In October 2018, astronomers witnessed a small star being ripped to shreds and swallowed when it wandered too close to a black hole in a galaxy located 665 million light years away from Earth, according to the study published last week in Astrophysical Journal.

The violent feast itself isn’t unusual, however, when the black hole started mysteriously regurgitating stellar matter in June 2021, scientists were left scratching their heads — because there was no evidence it had eaten another star, the study found.

“It’s as if this black hole has started abruptly burping out a bunch of material from the star it ate years ago,” Cendes, a research associate at the Harvard-Smithsonian Center for Astrophysics, added.

The long delay in the spewing of celestial matter had never been seen before and perplexed scientists.

Black holes are extraterrestrial regions where gravitational pull has drawn matter into a small space with a force so strong that nothing can escape from them, including light.

They are usually formed by the collapsing remnants of large dying stars, and can consume anything that comes too close to them, NASA explains.

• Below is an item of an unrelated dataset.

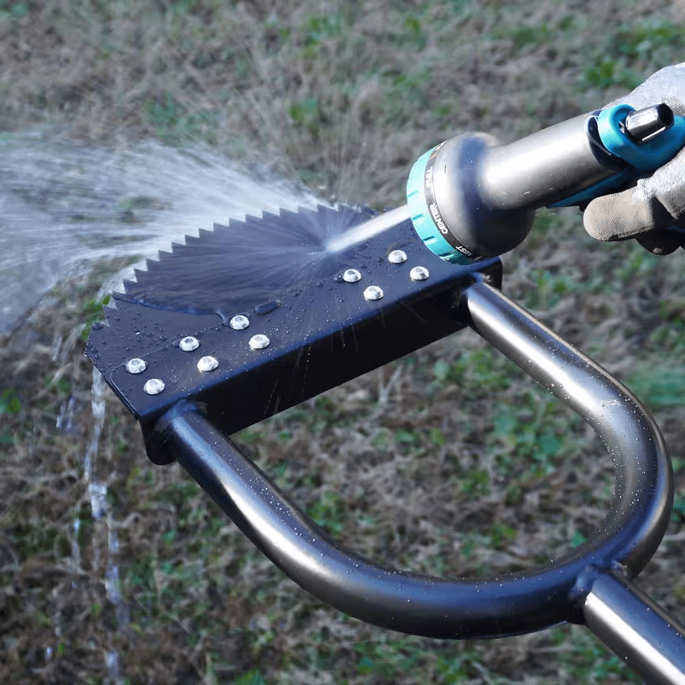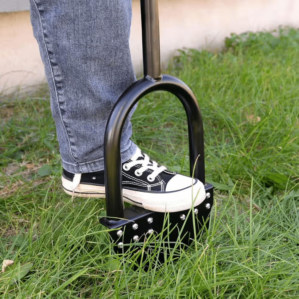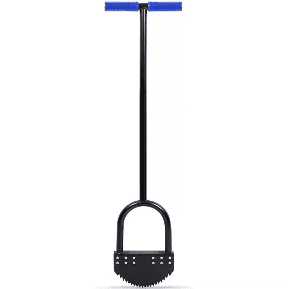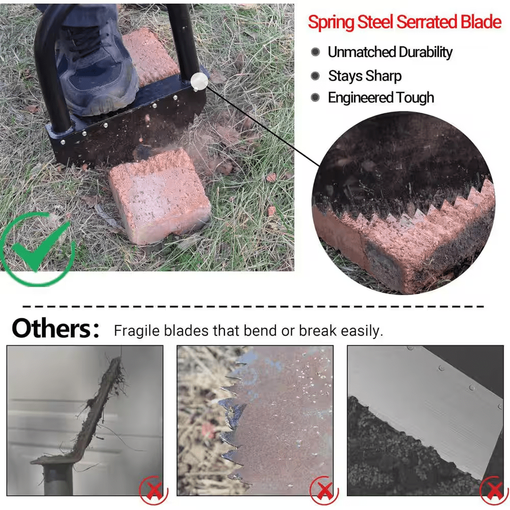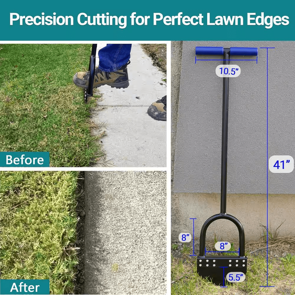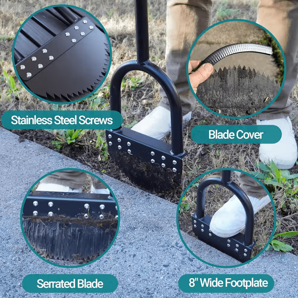 This 41 in. manual edger lawn tool offers exceptional strength with its 1-Piece construction, eliminating the need for assembly and ensuring long-lasting durability without bending or breaking. The serrated spring steel blade delivers precise, clean cuts while maintaining its sharpness, even under heavy use or in tough soil conditions. Made from rustproof manganese steel, it withstands outdoor elements and remains easy to clean and low maintenance over time. An 8 in. wide footplate provides enhanced leverage, allowing users to apply consistent pressure comfortably and efficiently, regardless of shoe size. Designed for versatility, this edger handles various lawn and garden tasks, from shaping borders along sidewalks and flower beds to creating planting grooves and trimming overgrown grass. The comfortable rubber handle ensures a secure, non-slip grip for better control during extended use. With its patent pending design and combination of strength, cutting efficiency, and ergonomic comfort, this half moon edger is a reliable and practical solution for keeping any lawn or garden looking sharp and well-maintained.

When a black hole devours a star, some of the celestial material that makes up the star occasionally gets flung out back into space, which astronomers liken to black holes being messy eaters, the Centre for Astrophysics explains. 

But this process — which Cendes equates to “burping” after a meal — usually happens immediately, not three years later, according to the study.

Researchers scrambled to study the startling discovery using telescopes on three continents and in space.

They found that the black hole, dubbed AT2018hyz, was ejecting material at half the speed of light — five times faster than normal.

However, they remained in the dark about why it took three years to “burp” up the star.

“This is the first time that we have witnessed such a long delay between the feeding and the outflow,” said Edo Berger, professor of astronomy at Harvard University and the CfA, and co-author of the new study.

“The next step is to explore whether this actually happens more regularly and we have simply not been looking at TDEs late enough in their evolution.”

The team hopes the study can help scientists better understand black holes’ feeding behavior.